Task objective →
Would you repeat the listing below exactly, with no pictures in it?

Source material →
####

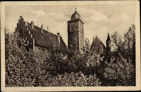 Ak Ochsenfurt am Main Unterfranken, Frohnfeste, Klingenturm, Bezirksamt mit Nikolausturm
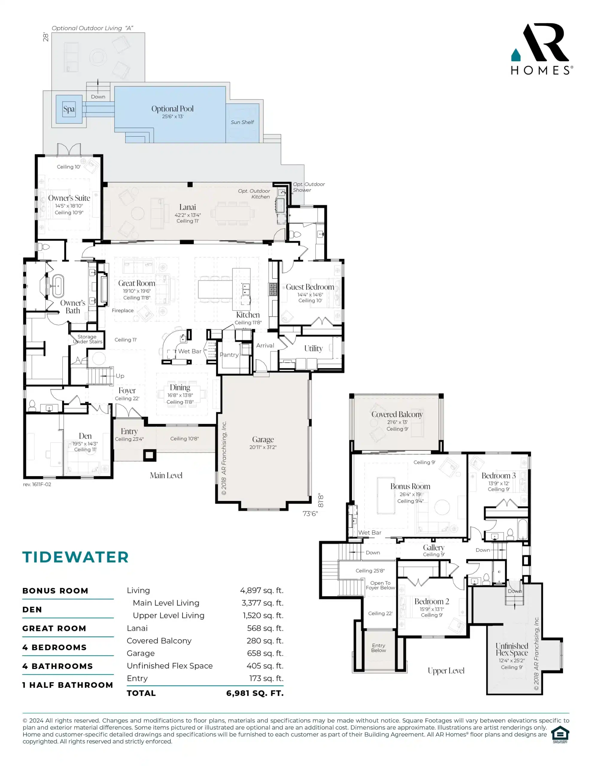 The Tidewater spans nearly 5,000 square feet across two stories with a spacious great room, formal dining room, den, and an upstairs bonus room with additional unfinished flex space. Unique ceiling details, upscale finishes, and abundant windows create a light, inviting atmosphere throughout. The expansive lanai offers a resort-style setting for year-round enjoyment. Build the Tidewater in Emerald Palms, a private gated community with easy access to shopping, dining, and major roadways
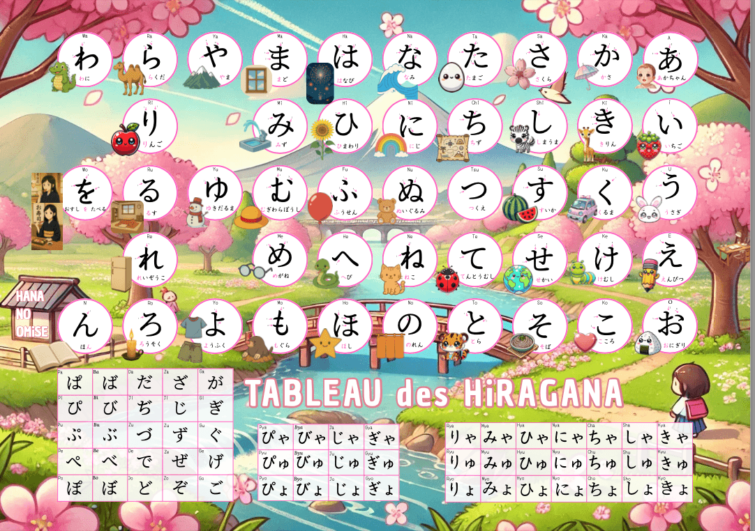 Le pack de 10 tableaux A4 à télécharger comprend 5 tableaux de Hiragana + 5 tableaux de Katakana, avec des variations de couleurs et de design. Ils sont disponibles uniquement en téléchargement. Ils peuvent être utilisés de multiples façons :
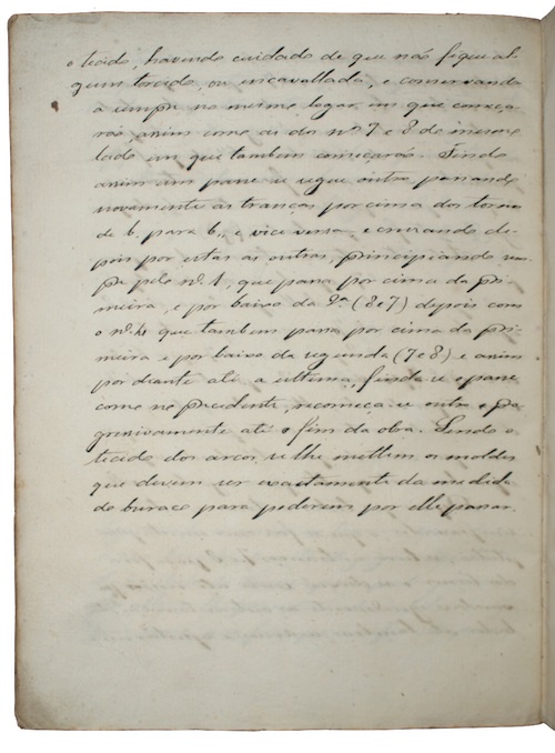 Explicit: 'Sendo o tecido dos arcos se lhe metlem os moldes que divem seer soastamenta da midida de buraco para poderum por elle pasar.'

####

Exercise response →
 Ak Ochsenfurt am Main Unterfranken, Frohnfeste, Klingenturm, Bezirksamt mit Nikolausturm
 The Tidewater spans nearly 5,000 square feet across two stories with a spacious great room, formal dining room, den, and an upstairs bonus room with additional unfinished flex space. Unique ceiling details, upscale finishes, and abundant windows create a light, inviting atmosphere throughout. The expansive lanai offers a resort-style setting for year-round enjoyment. Build the Tidewater in Emerald Palms, a private gated community with easy access to shopping, dining, and major roadways
 Le pack de 10 tableaux A4 à télécharger comprend 5 tableaux de Hiragana + 5 tableaux de Katakana, avec des variations de couleurs et de design. Ils sont disponibles uniquement en téléchargement. Ils peuvent être utilisés de multiples façons :
 Explicit: 'Sendo o tecido dos arcos se lhe metlem os moldes que divem seer soastamenta da midida de buraco para poderum por elle pasar.'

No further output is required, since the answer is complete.